# Rechnung worldb2bpages.com



## chum (18 Januar 2011)

Habe (1-Mann Firma) heute eine "dubiose" Rechnung erhalten von der Firma World Web Pages bzw. World Telecom Data Corp. mit Sitz in Barcleona bzgl. eines von mir angeblich beauftragen Firmeneintrags für € 493,50 für 2011. (Rechnung wurde aus Prag abgesandt)
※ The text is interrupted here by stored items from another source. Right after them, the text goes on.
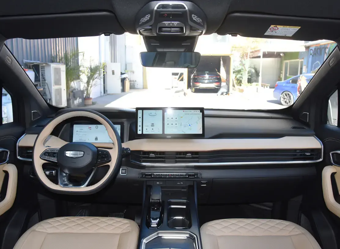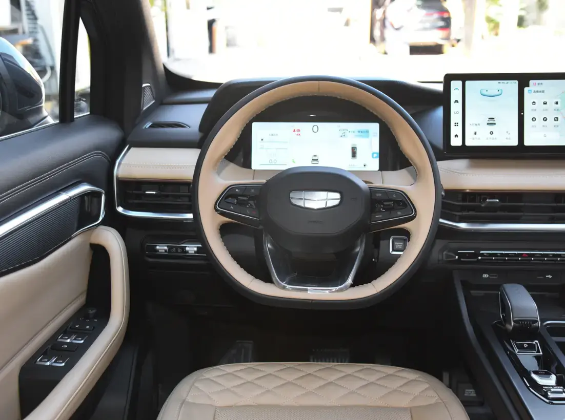 吉利豪越L的內飾同樣極具有家族風格,貫穿式的出風口將整個中控臺分成上下兩個部分。空調出風口上方還有橙色的裝飾條作為點綴,空調控制區域使用了實體按鍵方便司機盲操。
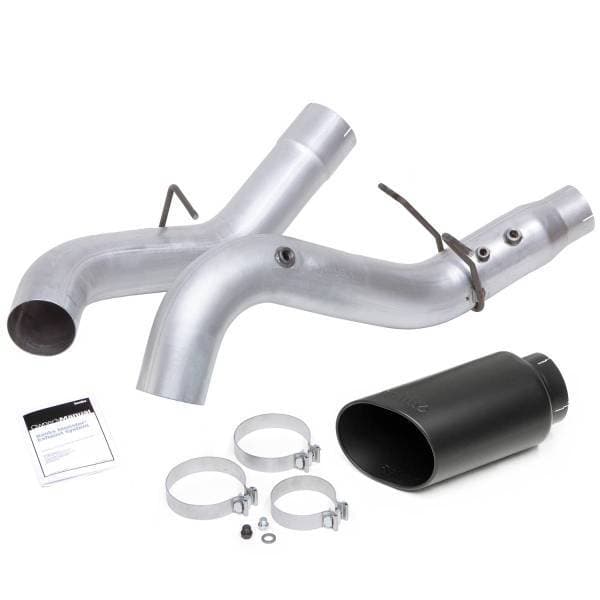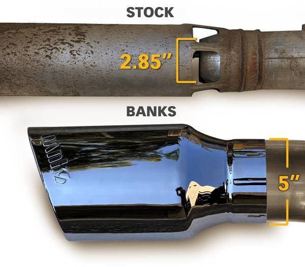 Banks Power introduces the new 5-inch Monster Exhaust designed specifically for the 2020-2021 GM 6.6L Duramax L5P 2500/3500 HD pickup trucks. The DPF-back exhaust system features constant-diameter 5-inch mandrel-bent Aluminized Steel tubing and a massive patented tip which virtually eliminates backpressure after the DPF and prevents trailer meltdown.Up The FlowWith the stock exhaust nozzle measuring 2.85-inch compared to the Monster Exhausts massive 5-inch outlet, the Banks system offers a 192% greater flow area than stock. The Monster Exhaust boasts 85% less backpressure than stock, leading to more power and increased fuel economy.Change Your LookDuramax owners can choose from two huge patented 6.5 x 7.5-inch ob-round slash-cut exhaust tips: chrome-plated polished stainless steel or high-temp matte black. And, unlike other brands, Banks's chrome-plated stainless tip will not turn brown with heat.Drop That HeatThe Monster Exhaust also provides a 15% reduction in exhaust temperature two feet behind the tip during regen! The Diesel Particulate Filter (DPF) on the Duramax L5P is cleaned through regeneration in which scorching exhaust gas temperatures can last up to 20 minutes while driving. Unlike the stock Duramax exhaust, which directs a prolonged jet-like blast of super-heated exhaust gas directly at anything being towed, the Monster Exhaust is aimed out to the side of the truck. This allows ambient air to diffuse the heated gas, eliminating the risk of melting a trailer, which has been reported by many Duramax owners.5" Aluminized Steel constant-diameter DPF-back exhaust system.15% reduction in exhaust temperature 2 feet behind the tip during regenHuge patented 6.5" x 7.5" ob-round slash-cut exhaust tipChrome-plated stainless tip will not turn brown with heat85% less backpressure than stockEmissions Compliant: E.O. Not RequiredUS Patent #5,581,111 S1
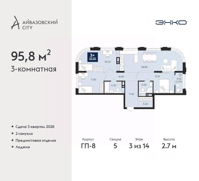 3-комн. квартира от застройщика с предчистовой отделкой в ЖК "Айвазовский City" на 7 этаже. Общая площадь: 90.9 кв.м., жилая: 40.3 кв.м., площадь просторной кухни-столовой: 24.9 кв.м. Квартира - распашонка, без проходных комнат, окна выходят на paзные стороны дома. В квартире одна лоджия, два совмещенных санузла. Высота потолков 2.72 м. Дом монолитный, многоподъездный, переменной этажности, от 9 до 24 этажей. Квартира находится в 5-й секции высотой 9 этажей в корпусе ГП-7. На этаже 7 квартир. В подъезде 1 пассажирский и 2 грузовых лифта. Окончание строительства - 3 квартал 2026 года. Оформление сделки по договору долевого участия. Новый жилой район располагается в живописном месте на берегу Туры в центральной части города. Принципиально новое пространство для жизни в центре современного города для тех, чьи мечты сбываются, кто нацелен на постоянный рост, перемены к лучшему для себя и своих близких. Каждая деталь Айвазовский City вдохновляет и заряжает на новые свершения: авторская архитектура, сбалансированная продуманная инфраструктура, дизайнерские дворы со спортивными и детскими площадками, парковые зоны с фонтанами, водный канал, украшающий центральный прогулочный маршрут района и многое другое. В 2019 года проект стал лауреатом престижной премии Urban Awards 2019 в номинации "Лучший строящийся региональный жилой комплекс бизнес-класса". Главная особенность Айвазовский City - соседство разных архитектурных школ в рамках одного дома. Изысканная классика, выразительная эклектика и оригинальный модерн - жить в одном из таких домов настоящий повод для гордости. Айвазовский City это идеальное сочетание комфорта, технологий и развитой инфраструктуры. Вход в подъезд возможен с улицы и со двора. Отправляясь на работу или за покупками, жители могут выйти с внешней стороны дома, а для прогулки с ребенком со стороны двора. Экологически чистые материалы и энергосберегающие технологии, качественное освещение общественных зон, видеонаблюдение по всей территории жилого района (в том числе в подъездах, лифтах и в подземном паркинге), закрытые дворы с доступом только для жителей Айвазовский City. Часть домов в Айвазовский City будут оснащены подземным паркингом. Востребованный в нашем климатическом поясе формат хранения автомобилей защитит собственность владельца в любое время года. Аккредитация в банках: ПАО "Газпромбанк", ОАО "Альфа-Банк", ПАО Банк "ВТБ", "Сбербанк России", АО "ДОМ.РФ" и других. #Zsftsm
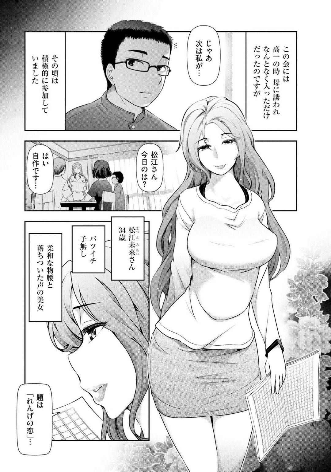 【エロ漫画】地域の朗読会に参加する気弱大学生に官能小説を読み聞かせて誘惑する熟女は、家で2人きりになり逆レイプからの生ハメセックスで童貞を奪う!
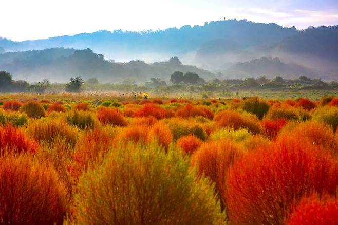 가을철 임진강 변을 따라 댑싸리가 가을의 색으로 물들며 장관을 이루는 연천 가볼 만한 곳입니다. 댑싸리 외에도 황화 코스모스, 국화, 백일홍, 천일홍 등 다양한 가을꽃을 함께할 수 있는데요.
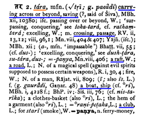 tara (to cross) → tari (boat) → bridge (structure for crossing)
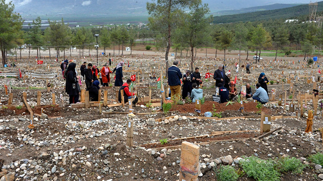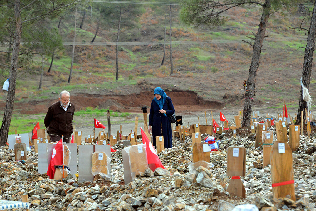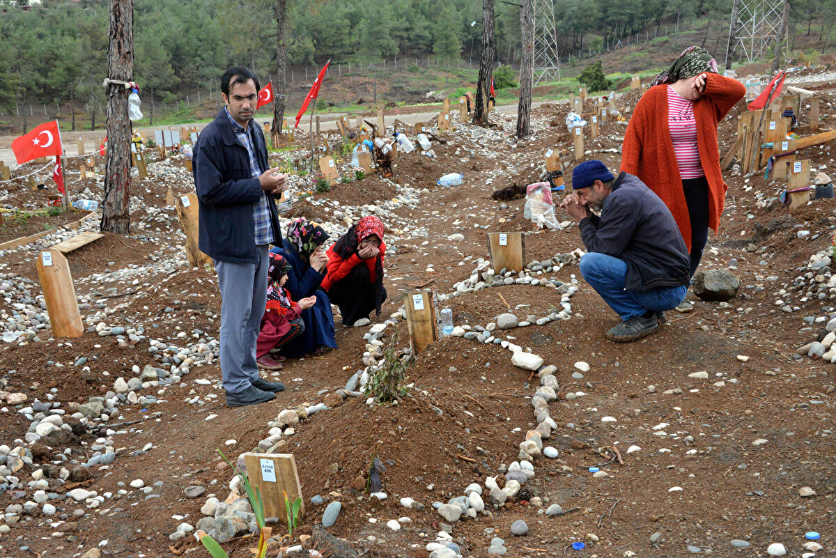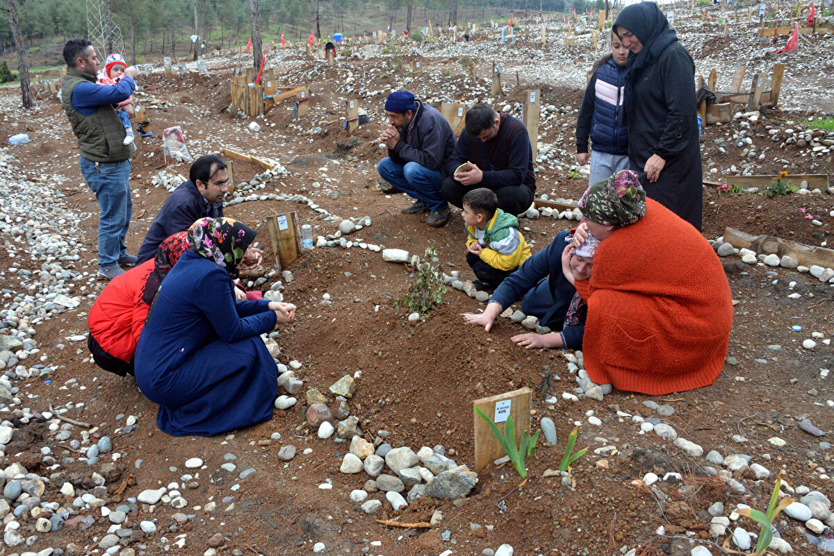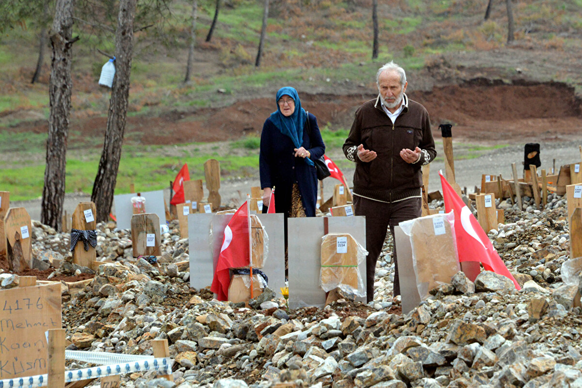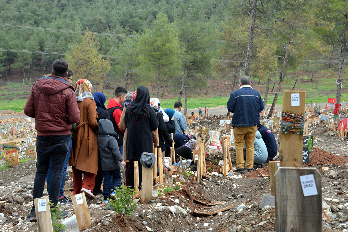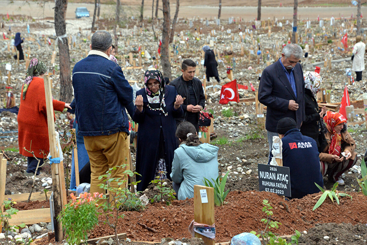 Kahramanmaraş merkezli depremlerde enkaz altında kalarak hayatını kaybeden vatandaşların yakınları, bayram namazı sonrası mezarlığa ziyarette bulundu.
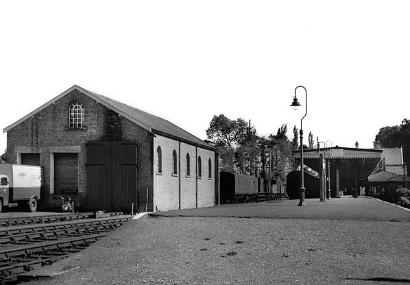 Sidmouth station and goods shed looking south towards the bufers in August 1963.

Kennt jemand schon die Abzockmasche ?
Antworten werde ich ersteinmal nicht ? Handel ich richtig ?

_Sehr dubios;_
_für meinen - von mir angeblich bauftragten Firmeneintrag - sind die Stellen für Fax Nr. + eMail Nr. leer. Hätte ich meine - 1-Mann Firma - im WWW eintragen lassen, hätte ich bestimmt solch wichtige Angaben ausgefüllt. In der Rubrik Activity stehen einige Tätigkeitsbereiche drin, die gar nichts mit meiner Firma zu tun haben.:wall:_

Falls jemand auch von diesem Laden Post bekommen hat, bitte um Info
Danke
Chum


----------



## Captain Picard (18 Januar 2011)

*AW: Rechnung worldb2bpages.com*



chum schrieb:


> Habe (1-Mann Firma) heute eine "dubiose" Rechnung erhalten


Wie? Per Email, Post oder Fax? 


> Domain Name: WORLDB2BPAGES.COM
> Idari Yonetici / Registrant
> (Admin)
> Ad / Name Linh Wang
> ...


"seriöser" geht es kaum.


----------



## chum (18 Januar 2011)

*AW: Rechnung worldb2bpages.com*

@ Captain Picard
Danke für die Info, Rechnung kam per Post.

Rechnung ausgestellt von:
World Web Pages Edition
World Telecom Data Corp.
Lesseps Business Center
c/ Mendes, 4 - 10, bajos
08023 Barcelona
Spain

Rechnung wurde versandt von: (Absenderangabe auf Briefumschlag)
World Telecon Data
P.O. Box 600
220 00 Praha 120,
Rep. Tcheque

_Vielleicht mache ich mir einen Spass daraus Rechnung zurückzusenden, von fiktivem Ansprechpartner, sodass ich den Müll direkt wegwerfen kann, wenn von anderen Firmen Rechnungen kommen an die fiktive Person gesandt werden._


----------



## Captain Picard (18 Januar 2011)

*AW: Rechnung worldb2bpages.com*

Info  zu Adressbuchschwindel 
http://www.kanzlei-richter.com/adressbuchschwindel/

Adressbuchschwindel - Rechnungen nicht bezahlen - Meldung - Stiftung Warentest

http://www.frankfurt-main.ihk.de/re...erer_wettbewerb/adressbuchangebote/index.html


----------



## chum (18 Januar 2011)

*AW: Rechnung worldb2bpages.com*

@ Captain Picard
Danke -
Adressbuchschwindel - Rechnungen nicht bezahlen - Meldung - Stiftung Warentest
In diesem Artikel wird auch World Telecom Data, Barcelona aufgeführt.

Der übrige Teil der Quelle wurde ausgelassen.